«Когда закончится война». Разговор с Линор Горалик

Сара Тарелкина для Слов_вне_себя поговорила с писательницей, поэтессой и художницей Линор Горалик о войнах, эмиграции, литературе, помощи, памяти, любви и многом-многом другом.

Одна из недавних художественных работ Линор Горалик называется “Животные, погибшие на войне, утешают людей, погибших на войне, и устраивают для них веселое представление в той зоне рая, где нет больше ничего, кроме последней милости”. Прочесть это название (которое само есть законченное произведение) требуется сколько-то времени и сил, потому что время останавливается, давая возможность попытаться пережить эту мучительную прозу. И тут ты начинаешь смотреть саму работу (на фотографиях, музея для этих работ пока не придумали) — а там детали, бубны эти, цветочки, плащи, крылышки… парящий в облаках слон и много белых фигурок на земле — и каждую нужно рассмотреть, ведь у театра Линор нет четвертой стены, зритель-читатель тоже там, среди цветов, спасенный, пока время замерло.
Уроженка Днепропетровска (ныне Днепр), гражданка Израиля, много лет прожившая в России, Горалик делает это все одновременно.

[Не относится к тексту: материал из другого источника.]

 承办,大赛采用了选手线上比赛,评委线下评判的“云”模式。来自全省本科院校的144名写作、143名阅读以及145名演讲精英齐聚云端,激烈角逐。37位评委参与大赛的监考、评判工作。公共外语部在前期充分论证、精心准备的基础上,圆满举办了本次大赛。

Пластические композиции о Войне и Чуме, ювелирные работы (посмотрите, к примеру, колье о Владимире Проппе и прочтите авторское описание к нему), комиксы об обычных людях, несколько книг на трех языках (стихи и прозу), вестник антивоенной и оппозиционной культуры ROAR, новости о российской политике для подростков. Недавно начал работу проект “Ульпан. Политика” для всех, кто хочет разобраться в израильской политике, приехав из одной войны в другую.
Это неполный список. Ни один источник не содержит упоминания всего, что делает Линор Горалик, потому что пока я пишу этот текст, случилось что-то еще. Она уже придумала и начала делать то, что поможет, поддержит, прояснит, позволит продержаться на зубах кому-то, кто жив среди живых.

 

Вот опять эта красная нитка…

Да, я вышивала, пока мы не начали говорить, у меня были свободные десять минут. Я вышиваю подруге подарок. Вот. Я с вами. Извините, можно буду курить?

 

Ну конечно! А я буду иногда пить сок из стакана.

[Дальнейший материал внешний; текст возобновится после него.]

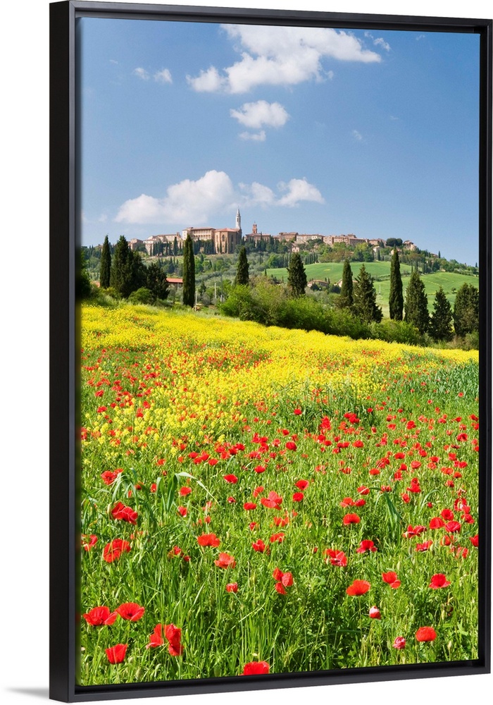 <p>Hill town Pienza and field of poppies, Tuscany, Italy</p>

Я тоже что-то такое буду пить. Все, я готов.

 

Кажется, мы стали чаще говорить о прошлом. И я хочу в самом начале спросить вас про ту другую жизнь, которую мы потеряли навсегда. Я начала вас читать много лет назад с короткой прозы — “Неместных” и “Недетской еды”. Как вам тогда, много лет назад, пришла в голову мысль записывать за людьми, с которыми вы общались и дружили?

Я ведь до сих пор это делаю, я просто с начала войны перестала это выкладывать в паблик. Но я делаю это по-прежнему: записываю за своими любимыми людьми. Для меня это очень важная часть жизни.

Два чувства мной движут. Первое — что все ценно, каждое мгновение ценно, жизнь неповторима, ничем нельзя пренебрегать. 

Я такой “Плюшкин жизни”. Вот как у него лежал выбитый из трубки пепел горками на подоконнике, так у меня бы лежали мгновения, если бы я могла.

Второе, что мной двигало и движет, это была любовь, конечно. Это любовь, которая хочет сохранить за любимыми все, которая говорит, что все в любимых особенно бесценно, особенно важно, и желает делиться этим с миром. Это то самое желание любви кричать на весь мир: посмотрите, каковы люди, которых я люблю!

Эти две вещи, соединяясь во мне, заставляют меня делать то, что я делаю.

 

Помню, эти байки было очень весело читать, потом прошли годы — и произошло чудо преображения этих текстов: они сохранили голоса людей, которые уже никогда не скажут именно так.

А еще был у вас проект, где люди отвечали на один и тот же вопрос…

Это проект, который называется PostPostMedia. Как только началась война, мы его остановили, но мы его возобновим, как только война закончится.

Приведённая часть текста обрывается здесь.